Michael Rowe

Trying to get better at getting better

Rejected AMEE abstract (workshop) | ChatGPT and its implications for health professions education

See this brief post on my reasons for sharing rejections.

Background

The release of ChatGPT in November 2022 was accompanied by an explosion of interest in both mainstream and academic media. It has simultaneously been described as the saviour of higher education, and the beginning of the end. The fact is, it could be both. ChatGPT can produce plausible responses to very challenging questions. These responses are clear, concise, and articulate. But sometimes, it’s wrong. Very wrong. And it can take a lot of time and expertise to untangle which threads of the response can be trusted. And this is the problem. While we know that human beings can also be wrong, we trust that they’re guided by a mental model that more-or-less aligns with our own. But ChatGPT has no such underlying philosophy, and we should therefore have little reason to trust its responses. This isn’t to say that ChatGPT has no value. On the contrary; chatbots and their foundational large language models (LLMs) have the potential to revolutionise health professions education. Just not in the way you may think.

Who should participate

This introductory workshop is aimed at educators interested in the implications of large language models, like ChatGPT, on health professions education.

Structure of workshop

  1. The workshop will begin with a short presentation on large language models (LLMs), and how they relate to the broader field of artificial intelligence research.
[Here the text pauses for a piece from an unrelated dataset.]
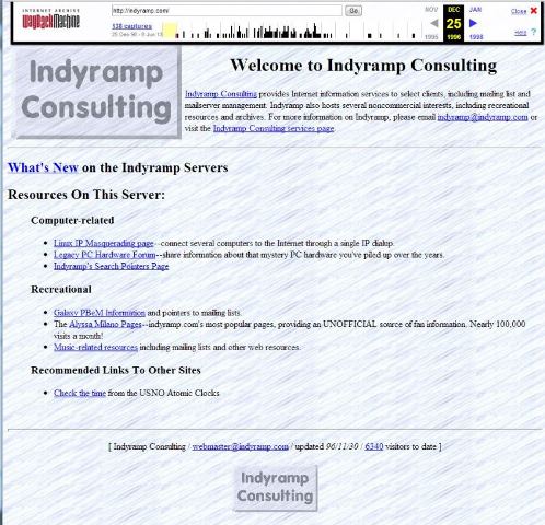Indyramp Consulting had been around a bit before that, originally designed to be a third Internet Service Provider in Indianapolis, Indiana. In those days, it still wasn’t completely insane to seriously consider introducing an ISP that didn’t offer SLIP or PPP connections. Anyway, that plan didn’t quite work out, and I took a job at one of the other two ISPs, IQuest, which is now called LightBound.

The presentation will then narrow in on GPT-3, one of several high-profile LLMs, and its public-facing chatbot, ChatGPT.
  2. Participants will then have an open-ended session of experimentation with ChatGPT, guided by a range of prompts, designed to demonstrate where ChatGPT shines, and where it fails.
  3. Finally, participants will discuss the results of this experimentation, and identify how, if at all, ChatGPT might enhance their practice.

Intended outcomes

The outcomes of the workshop will be for participants to:

  • Leave with an entry-level understanding of how large language models generate their responses.
  • Explore ChatGPT responses. Specifically, to probe ChatGPT with prompts designed to demonstrate its strengths and expose its weaknesses.
  • Identify 3–5 ways in which ChatGPT may enhance our teaching, and support student learning.